We’ve waited a long time for a glimpse at the true scope of the Berkeley Art Museum and Pacific Film Archive’s African American quilt collection. When Eli Leon’s bequest to the museum was announced in late 2019, “nearly 3,000 works” was such a staggering number that it was difficult to appreciate just what it would look like to display this unexpected bounty. (The museum only learned about Leon’s gift after his death in 2018.)
At BAMPFA, the African American Quilt Show We’ve Been Waiting For

Routed West: Twentieth-Century African American Quilts in California, the second BAMPFA exhibition drawn from the Leon collection, after the transcendent Rosie Lee Tompkins show in 2020, demonstrates that Tompkins may have been a prolific favorite (Leon collected over 500 works by her), but not an outlier.
Routed West is, in a word, dazzling.
The exhibition is loosely organized chronologically to follow the journeys of the quilts — along with their makers and keepers — from the American South to the Bay Area between 1940 and 1970. As millions of Black Americans moved West during the Second Great Migration, seeking better jobs and an escape from overt racism, they brought with them portable mementos of the homes they left behind. Quilts, epically time-consuming manifestations of comfort and great care, can hold within them entire genealogies, lives remembered in stitches and bits of well-worn fabric.

Within BAMPFA’s galleries, these massive quilts hang from the walls, drape across gently angled supports and lay like the pages of a giant open book on curved, horizontal platforms. This last presentation, seen in the first gallery, is especially on the nose: these quilts are stories, told by hand through fabric choice, pattern arrangement and with painstaking attention to detail.
As quilts have increasingly appeared in art museums, there’s been a tendency, exhibition curator Elaine Yau notes, to treat them solely as aesthetic objects — geometric abstractions that hang nicely beside modernist paintings. Museums, she says, are the latecomers. Quilting is an art practice that cannot be reduced to a conversation about form.
In Routed West, this means recentering the art historical narrative on the quiltmakers and their lives. That approach plays out clearly in the object labels, which often detail how an artist learned and deployed their craft, the source of their fabric and when a particular quilt entered Leon’s collection. In these labels are complex, rewarding narratives of distant cousins reconnecting in the Bay Area, and of men who quilted to provide for their families.
Since quilting is a practice often passed down through generations, many groupings in Routed West are stand-ins for family trees. A particularly stunning trio — Beauty Vaughns’ Untitled (Ocean Wave), Pearl Nunley’s Flower Garden (Sunflower variation) and an untitled Arbie Major quilt — represents two daughters flanking their mother.

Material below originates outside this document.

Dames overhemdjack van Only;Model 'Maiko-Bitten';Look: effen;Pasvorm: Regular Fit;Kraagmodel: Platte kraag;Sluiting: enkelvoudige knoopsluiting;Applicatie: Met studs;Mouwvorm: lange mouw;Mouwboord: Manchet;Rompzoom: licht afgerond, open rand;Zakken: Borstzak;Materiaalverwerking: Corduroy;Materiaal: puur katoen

The labor and time-intensive practice of quilting also means that quilts pieced by one family member may have been quilted by another. Leon also purchased pieced quilt tops and handed them off to be quilted by someone else; Irene Bankhead was a favorite.
In the fourth section of the show, “Rooted West,” quilts made since the 1970s in the Bay Area leave their supports to hang from the ceiling in graceful curves. The treat here is getting a peek at their sometimes equally colorful backsides, often a clearer way to see the quilting. This presentation gives the quilts an even more substantive, corporeal form.
Throughout the show, small samples of different quilting materials and patterns are provided as tactile aids next to the untouchable originals. It’s a move you might see at the Oakland Museum of California, and it’s nice to watch BAMPFA play a bit with their approach to presentation — and acknowledge how difficult it is to not caress velvety corduroys or puffy checkerboards.
Speaking of new approaches, here’s another one: a full-blown installation of a 1970s guest room from Isiadore Whitehead’s house, purchased by Leon in its entirety. A photo of Whitehead in situ sits on the bedside table. A double wedding ring pattern graces every available fabric surface — chair cushion, curtains, rugs and the scalloped-edge quilt covering the bed.

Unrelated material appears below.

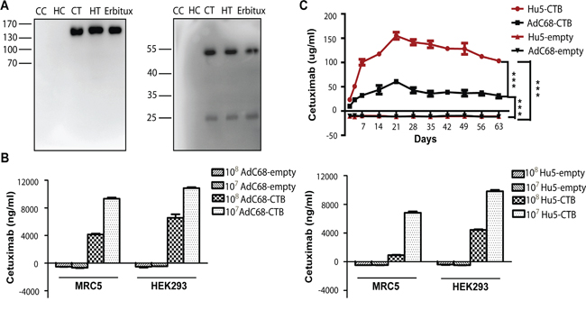 Figure 2: Ad-anti-EGFR antibodies expression in vivo and in vitro. A. Western blot analysis of Erbitux and supernatants from AdC68-CTB, and Hu5-CTB-infected HEK293 cells under non-reducing and reducing conditions. CC, AdC68-empty; CT, AdC68-CTB; HC, Hu5-empty; HT, Hu5-CTB. B. ELISA analysis of supernatants of AdC68-CTB and Hu5-CTB-infected HEK293 and MRC5 cells. The cells were infected with 1 × 108 vp or 1 × 107 vp AdC68-CTB or Hu5-CTB, respectively. Supernatants were harvested for protein analysis after 3 days. Data are based on three independent experiments. C. Anti-EGFR antibody expression level in the serum of immunodeficient mice. Mice were injected with 5 × 1010 vp adenovirus into muscles and bled at different time points. The serum anti-EGFR antibody concentrations were determined by sandwich ELISA. Statistical analysis was performed by one-way analysis of variance (ANOVA) with Tukey adjustment. Data are shown as mean ± SEM. *P < 0.05, **P < 0.01 and ***P < 0.001.

I have too many favorite moments in this show to name them all, so I’ll mention just three: Arbie Williams’ rainbow-striped overalls; Alice Neal’s stately portrait of her late mother (with a detachable hat); and next to it, the pins left in an unfinished quilt.
Plus, any time there’s strings involved. Oh, and everywhere an established pattern breaks down and gets a bit chaotic. (I love this show.)
The exhibition’s final gallery pays homage to quilting as a living tradition. Quilts loaned by members of the African American Quilt Guild of Oakland and other local artists surround two vitrines of material from both Leon’s papers and California quilting guilds. Here hang some of the most narrative works in the show, with text and photographs integrated into the textiles.
Just before the exhibition’s exit, Gussie Wells’ moving blanket-esque Untitled (Strip), with two fluorescent orange stripes running vertically up its center, is a final zap to the senses. It’s an alert, a stunning announcement of this art form’s continued versatility and power. And it might just send you looping back around to the entrance for another go.
‘Routed West: Twentieth-Century African American Quilts in California’ is on view June 8–Nov. 30, 2025, at the Berkeley Art Museum and Pacific Film Archive.